DigiPresHack Outline Proposal
The idea is to have recurring events in hackathon style where we build up the information we need to do digital preservation better. These could be regular fixtures alongside conferences (iPres, IIPC GA, IDCC, etc.) but would also have a strong remote-participation element. There would be three main outcomes:
- More information documenting more formats, risks and other preservation issues.
- Better tools.
- More individuals with the skill to contribute to the above.
i.e. there would always be an educational/introductory strange to help people learn about the issues and learn how to contribute to the registries/data sources.
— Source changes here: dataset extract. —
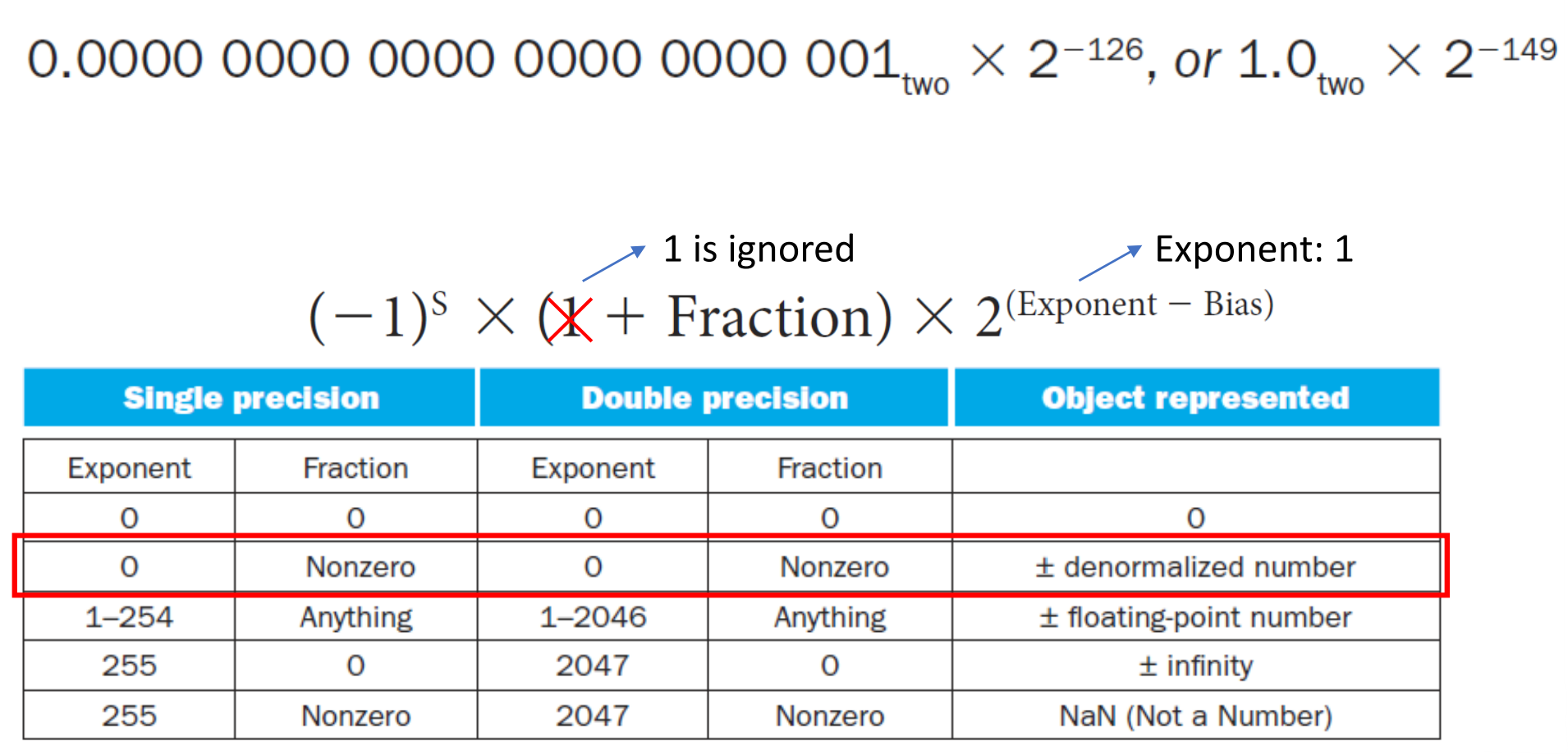 single precison의 경우, 1.0 × 2^-126이 가장 작은 수인데, 이보다 더 작은 수를 표현하고 싶을 때 사용한다.

DigiPresHack: Formats & Tools Hackathon
Andrew N. Jackson
To effectively capture and preserve the web, we need to understand the formats and protocols of the web, and the tools that can be used to manage them over time. This need has manifested itself via a range of digital preservation tool and format registries and test corpora, but so far these have only represented a partial success. Many registries have been developed but have failed to take hold, and those that have succeeded are those that have sought to identify, support and recognised those individuals willing to spend time contributing their effort and knowledge.
The idea of this DigiPresHack is to support those who wish to contribute in this area by providing a supportive environment and a clear framework for contribution. The hackathon format would be a one-day workshop in the ‘unconference’ style. Suggested activities would include:
- Generating example test files for various formats, e.g.
- WARC and ARC files demonstrating the different de-duplication methods
- HTML files demonstrating particular features, ideally accompanied by screenshots to capture the results (e.g. using emulators for old browsers).
oExtending the Archival Acid Test suite: https://github.com/machawk1/archivalAcidTest
- Extending the PWG database, possibly combining it with the newly-developed PET tools (https://github.com/pericles-project/pet)
- Review and/or add web archiving tool information to COPTR (http://coptr.digipres.org/)
- Document difficult or particularly interesting/challenging formats (http://fileformats.archiveteam.org)
- Extend the aggregations and visualisations at http://www.digipres.org/ in order to be able to see how far we’ve come.
To go ahead, this hackathon would require some additional funding to bring in appropriate individuals who could facilitate this event and who would not otherwise be able to attend. If possible, modest prizes for significant contributions could help build momentum. Ideally, we could use a webcast/hangout or similar to enable engagement by those who cannot attend.
These are tasks that only require basic technical skills and a willingness to learn how to document their findings. We would perform basic tasks where we create test files and check how they are rendered.
- Making example test files.
- Checking if existing files still render in different software versions.
- This could also include using the UKWA format index to hunt down the more obscure formats.
- Taking screenshots.
- Adding test files to a suitable corpus (e.g. OPF format corpus).
- Adding documentation to File Formats Wiki where it concerns formats and access etc.
- Adding documentation to COPTR where it concerns running preservation tasks (rather than access)
Goal is to better understand formats and software dependencies and document genuine preservation risks.
Improving tools, making new ID signatures in forms suitable for PRONOM etc.